Фергус предупреждающе взмахнул рукой. Он первым заметил, что его младший сын был тут же, на кухне.

— Манго, а я и не заметил, что ты здесь. Ты давно? Слышал, о чем мы говорили?

— Да, — честно ответил Манго, доедая последний кусок грибной запеканки.

— Да? Так постарайся выбросить все из головы. — Другая ужасная мысль заставила его позабыть о Манго. — Люси, твой заказ! Ты должна заказать им двухместный номер!

Люси залила горячей водой кофе в кофейнике.

— Если ты хочешь, чтобы Манго выбросил это из головы, тебе лучше помолчать, пока он не уйдет.

Если до этого Манго не обращал внимания на предмет спора родителей, то после такого предупреждения ему захотелось понять, в чем, собственно, интрига. Но страдальческое выражение отцовского лица перевесило. Он потянулся за кружкой с кофе.

— Уже ухожу.

Ангус сидел, сгорбившись, за компьютером, коробочка с шоколадными трюфелями лежала рядом.

— Это тебе, если хочешь, — сказал Манго, протягивая ему кофе. — Если пойдешь вниз, пошуми немного. Упади, что ли, с лестницы или еще что-нибудь.

Поднявшись в свою комнату, он принялся изучать последнюю шифровку Штерна. Как всегда, она начиналась и заканчивалась цифрами — 9 перед рядом букв и 1132 в конце. Предыдущие две, над которыми он тоже уже порядочно бился, начинались с 5 и 17 соответственно и заканчивались 931 и 1003. Самая первая такая шифровка из тех, что он видел, появилась после того, как Московский Центр обнаружил, что Запад завладел шифровальной книгой Гая Паркера. Она начиналась с 4, а заканчивалась 817. Что они вообще обозначали, эти числа? Только то, что он видел. Начальные числа были всегда очень маленькими, конечные — большие. Он никогда, к примеру, не видел конечное число меньше 700, но и больше, чем 1258, тоже не было.

Возможно ли, что последние цифры были номером дома? Только в Северной Америке номера домов доходили до таких высот. А если номер телефона? Это более вероятно, но загвоздка в том, что здесь в городе после четырехзначного кода всегда шли шестизначные числа, или совершенно произвольный трехзначный номер следовал за более или менее фиксированным трехзначным номером. Так 931 и 817 могли быть последними цифрами в общих десятизначных номерах…

Манго подошел к окну, чтобы закрыть его на ночь. За последнюю неделю сильно похолодало. Конечно же, в Корфу такого не ожидается. Там не будет густых облаков, цепи гор не скрываются в тумане, их покрытые снегами вершины сияют в лунном свете, белые ледники сползают медленно вниз, небо зеленое, как мрамор, появляется… Где оно появляется, он не придумал.

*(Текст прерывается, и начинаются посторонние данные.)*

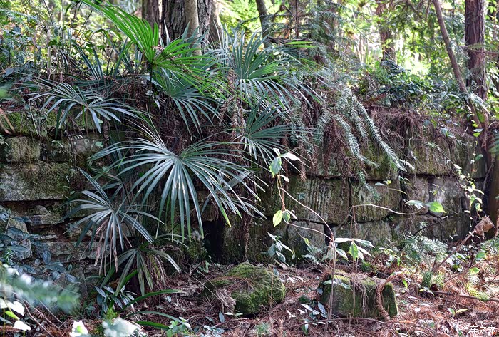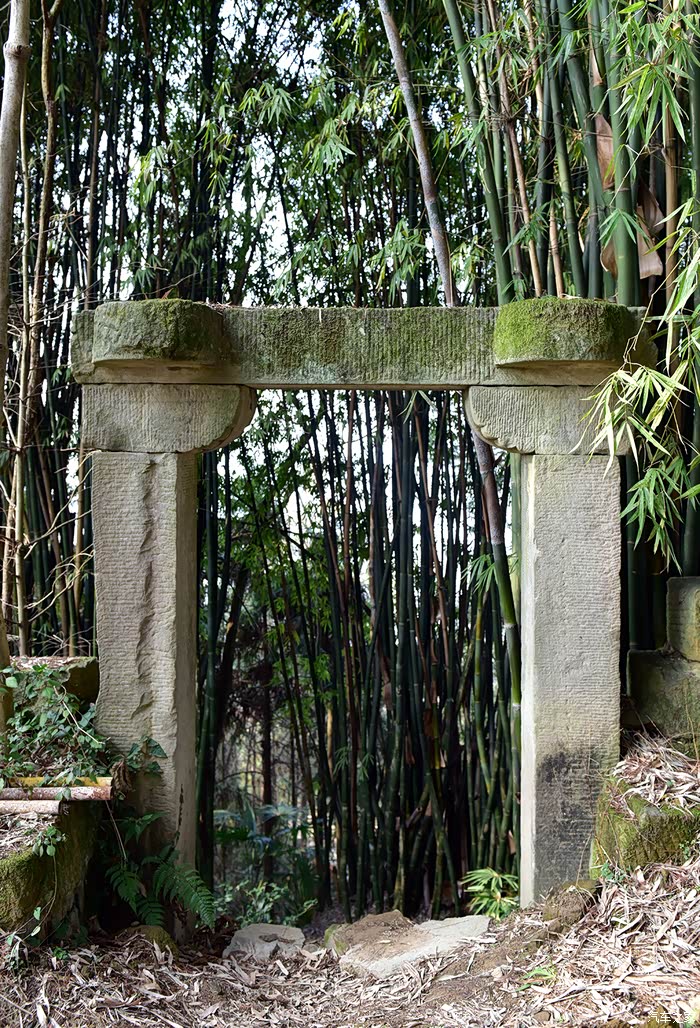 巨石的左边是毗卢寺,寺庙遗迹尚存,进出寺庙的石梯石门保存完好,石门对联仍清晰可见。上联:峻极于天能耸惧而矣;下联:事豫则立吾何抚乎哉。横批:守望相助。

На другом берегу реки Шот-Тауэр одевали в строительные леса. Есть у него время, чтобы составить шифровку для Единорога? Надо, чтобы он разузнал, что и как. Но похоже, что времени нет. Он еще не собрался.

Из-за угла с Хилл-стрит показался Грэхем в своей неизменной футболке с осьминогом и даже в это время в умопомрачительных солнечных очках Черные волосы падали на лоб. Манго поднял приветственно руку, и Грэхем помахал в ответ. Затем он бросил сигарету и затоптал ее.

6

Никогда в жизни он не боялся полицейских. Всегда было ощущение, что они на его стороне, да так оно и было со времени смерти Черри. Вероятно, единственным утешением его и родителей была поддержка полиции, сознание того, что они объединились против человека, который разбил и уничтожил их счастье. Марка Симмса, если они только знали это.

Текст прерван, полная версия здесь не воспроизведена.